# Cell Mass and NO-xplode, how to stack the two?



## Kwan YI (Jan 14, 2005)

I heard you can you use BSN's Cell Mass and NO-xplode together but I was wondering what is the best way?

Cell Mass you take 2x a day,  1 serv after lifting and 1 serving either 6 hours prior or after the lifting serving.

No-xplode you take 2x a day,  1 serving about an hour prior to lifting and 1 serving either 6 hour prior or after the lifing serving.

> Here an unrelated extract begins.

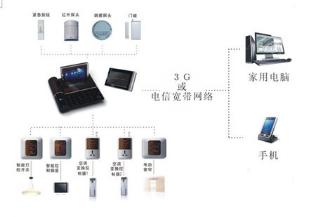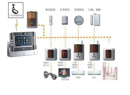 从图上可以看出,无线智能家居系统在小区内部的组网相当简单,只需要无线家庭智能终端和门口机两种硬件器材,其主要的核型部分集中到了无线智能家庭网上,家居智能成了系统开发的核心,简化的具有基本家庭智能的家庭智能网架构图如下所示:
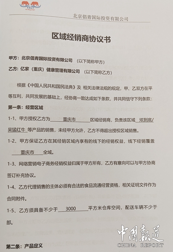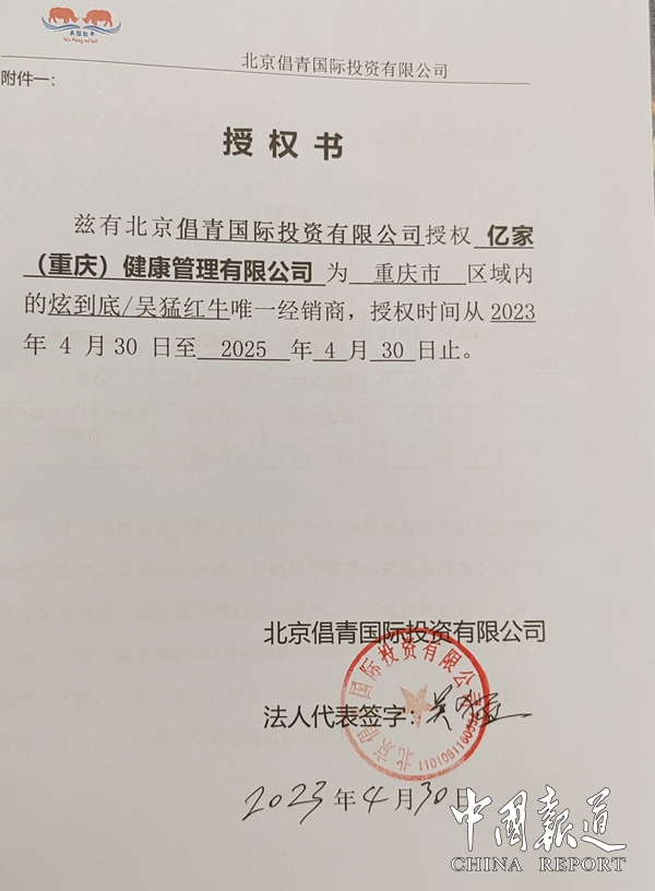 中国报道讯(吴蜀丰报道)4月30日,亿家(重庆)健康管理有限公司与吴猛红牛创始人、北京昌青投资有限公司在广东省河源市和平县吴猛红牛生产基地正式签定战略合作协议。据《区域经销协议》规定,由亿家(重庆)健康管理有限公司全权负责四川省和重庆市地区吴猛红牛销售总代理权。

** so if you took these products together how would you stack them on training and non training days...........


----------



## Curlingcadys (Jan 14, 2005)

Kwan YI said:
			
		

> I heard you can you use BSN's Cell Mass and NO-xplode together but I was wondering what is the best way?
> 
> Cell Mass you take 2x a day,  1 serv after lifting and 1 serving either 6 hours prior or after the lifting serving.
> 
> ...


 heard they stack pretty good one directly on top of the other in the garbage.
 just hear say though.


----------



## Kwan YI (Jan 14, 2005)

LOL!!!!


I have been getting mixed reviews from people on NO-xplode but Cell Mass a lot of people seem to like, I believe it is comparable to CEX!


----------



## Curlingcadys (Jan 14, 2005)

like I said just hearsay I can't speak for cell mass just no xplode. glad you got a sense of humor!


----------



## Cold Iron (Jan 14, 2005)

Kwan YI said:
			
		

> I heard you can you use BSN's Cell Mass and NO-xplode together but I was wondering what is the best way?
> 
> Cell Mass you take 2x a day,  1 serv after lifting and 1 serving either 6 hours prior or after the lifting serving.
> 
> ...




Are these not 2 creatine based products? If so, waste of time


----------



## Flakko (Jan 14, 2005)

*No-Explode*

LOL, one on top of the other!!!

I've heard NO-Explode taste nasty as hell!!!
I was about to try, but since I heard that, I'mma try plain L-Arginine powder.


----------